▸ Work instructions: Omitting all images, transcribe the listing word for word.
>>
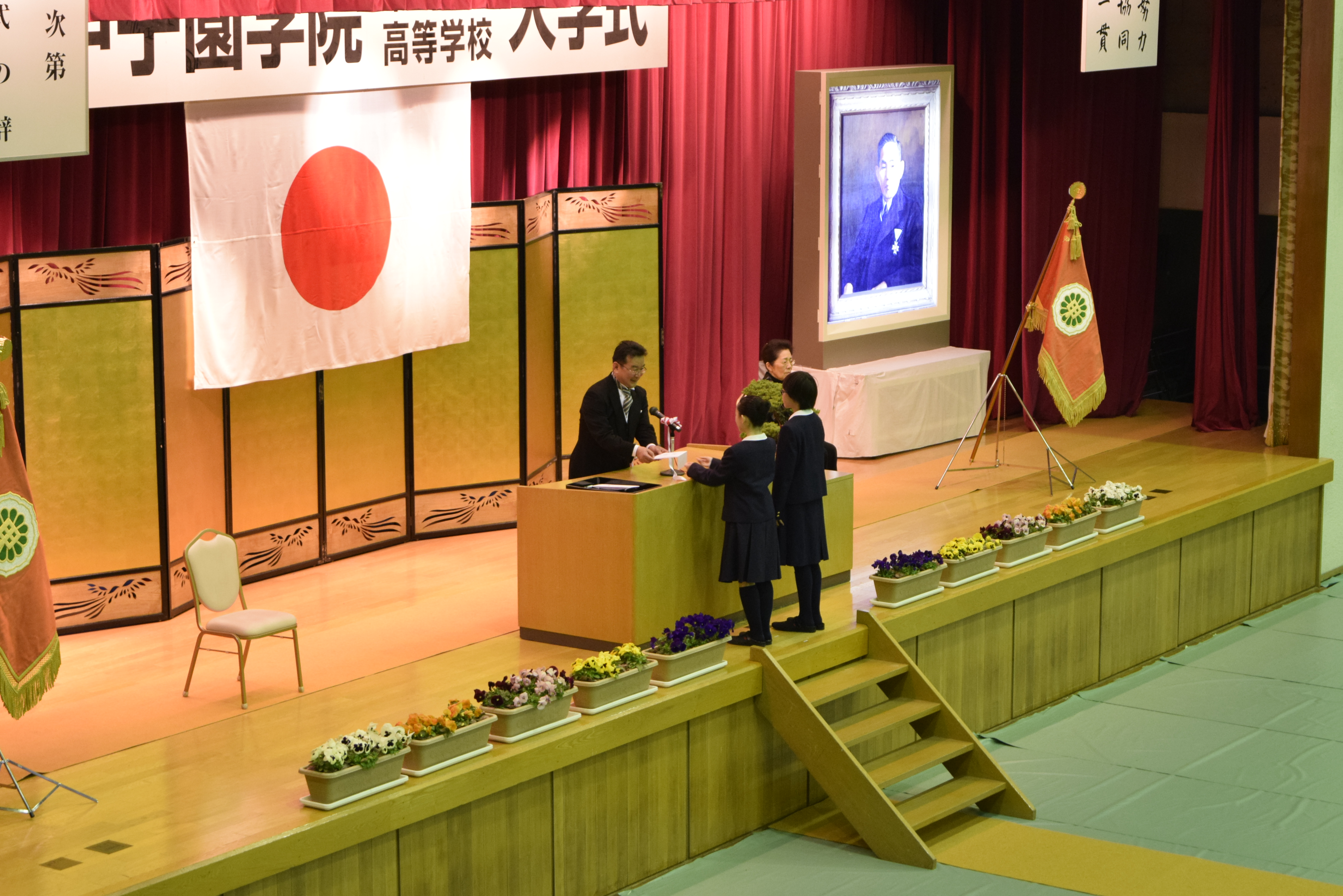真新しい制服に身を包んだ新入生は、期待と不安を胸に式に臨み、式場には新入生と保護者の方々に加えて、在校生が参列して入学を祝いました。
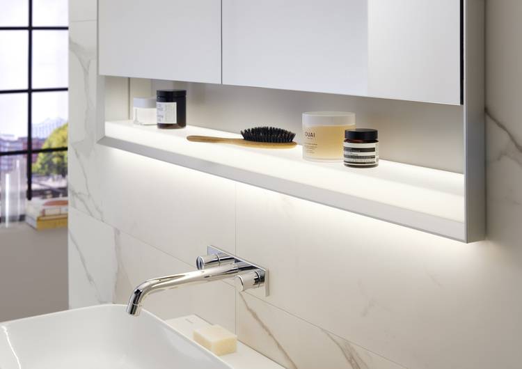 „Das in den Geberit Spiegelschrank integrierte ComfortLight ist so konzipiert, dass es vier verschiedene Lichtquellen für eine optimale Ausleuchtung von Spiegelbild, Waschtisch und Badezimmer nutzt: ein Deckenlicht bzw. indirektes Raumlicht, ein Spiegellicht, ein Nischenlicht und ein Waschtischlicht“, sagt Ramona Häberle, Produktmanagerin Badezimmersysteme von Geberit.
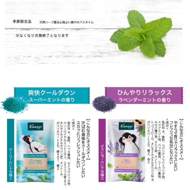 - 暑い夏だからこそ、シャワーじゃなくて、お風呂!クーラーで冷えた体を優しく温めてくれる、リラックス効果ありで、今回購入したのはお得感ありで、その日の気分で選べて楽しかったです♪ 私はいつも、クナイプのお...
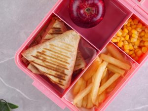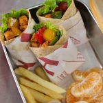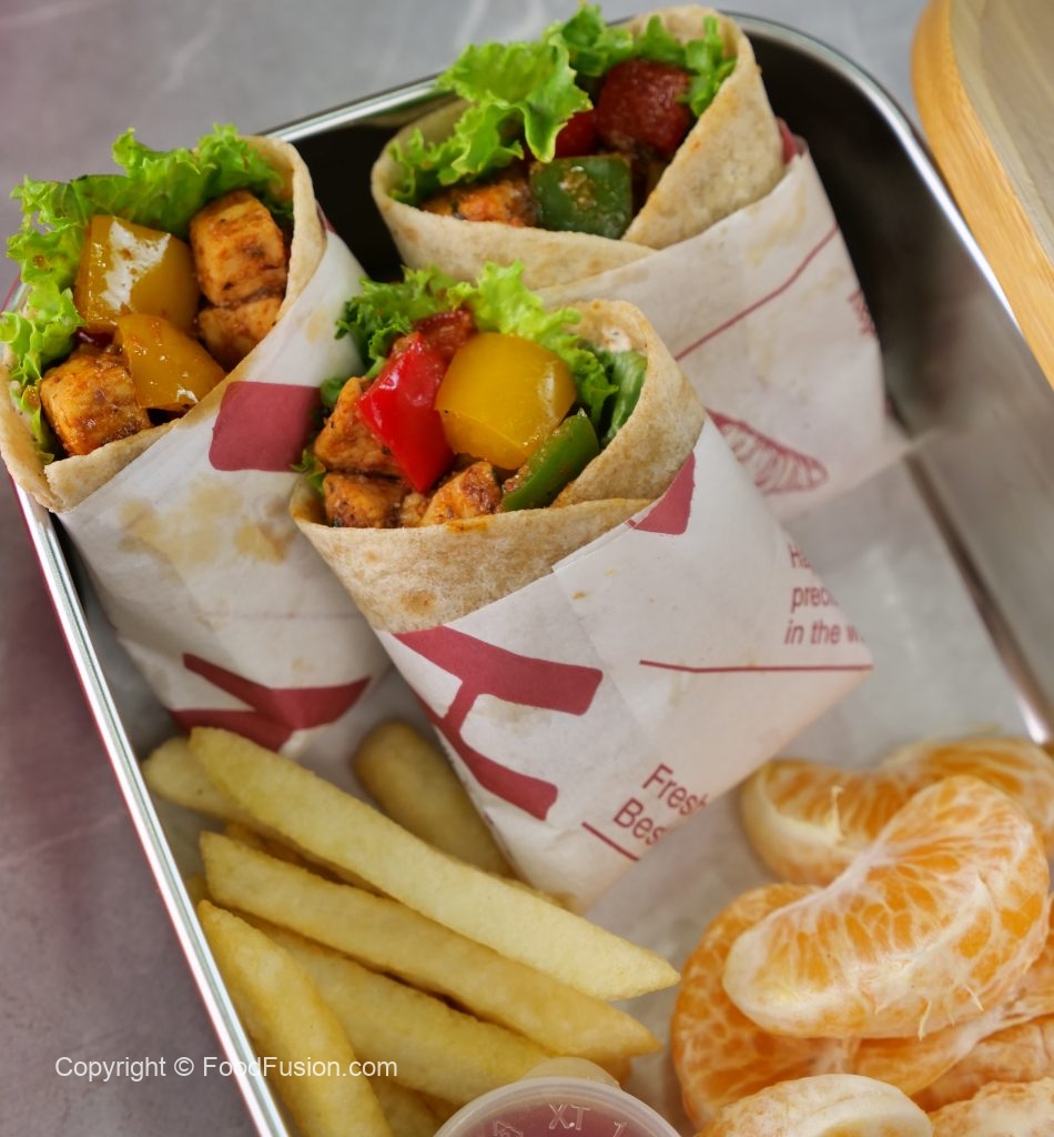 -Drizzle prepared sauce,lettuce leaf,prepared fajita filling,cheddar cheese slice,fold & seal with a skewer (make 6).
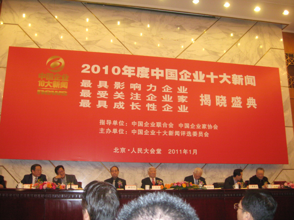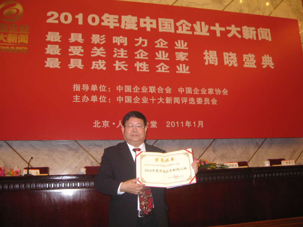 2011年1月16日, “2010年度中國企業(yè)新聞人物推選活動”在京揭曉,張竟董事長被評選為“2010年度中國企業(yè)十大新聞人物”,并由十一屆全國人大常委會副委員長周鐵農(nóng)親自頒獎。
<<
▸ Output of the task:
真新しい制服に身を包んだ新入生は、期待と不安を胸に式に臨み、式場には新入生と保護者の方々に加えて、在校生が参列して入学を祝いました。
 „Das in den Geberit Spiegelschrank integrierte ComfortLight ist so konzipiert, dass es vier verschiedene Lichtquellen für eine optimale Ausleuchtung von Spiegelbild, Waschtisch und Badezimmer nutzt: ein Deckenlicht bzw. indirektes Raumlicht, ein Spiegellicht, ein Nischenlicht und ein Waschtischlicht“, sagt Ramona Häberle, Produktmanagerin Badezimmersysteme von Geberit.
 - 暑い夏だからこそ、シャワーじゃなくて、お風呂!クーラーで冷えた体を優しく温めてくれる、リラックス効果ありで、今回購入したのはお得感ありで、その日の気分で選べて楽しかったです♪ 私はいつも、クナイプのお...
 -Drizzle prepared sauce,lettuce leaf,prepared fajita filling,cheddar cheese slice,fold & seal with a skewer (make 6).
 2011年1月16日, “2010年度中國企業(yè)新聞人物推選活動”在京揭曉,張竟董事長被評選為“2010年度中國企業(yè)十大新聞人物”,并由十一屆全國人大常委會副委員長周鐵農(nóng)親自頒獎。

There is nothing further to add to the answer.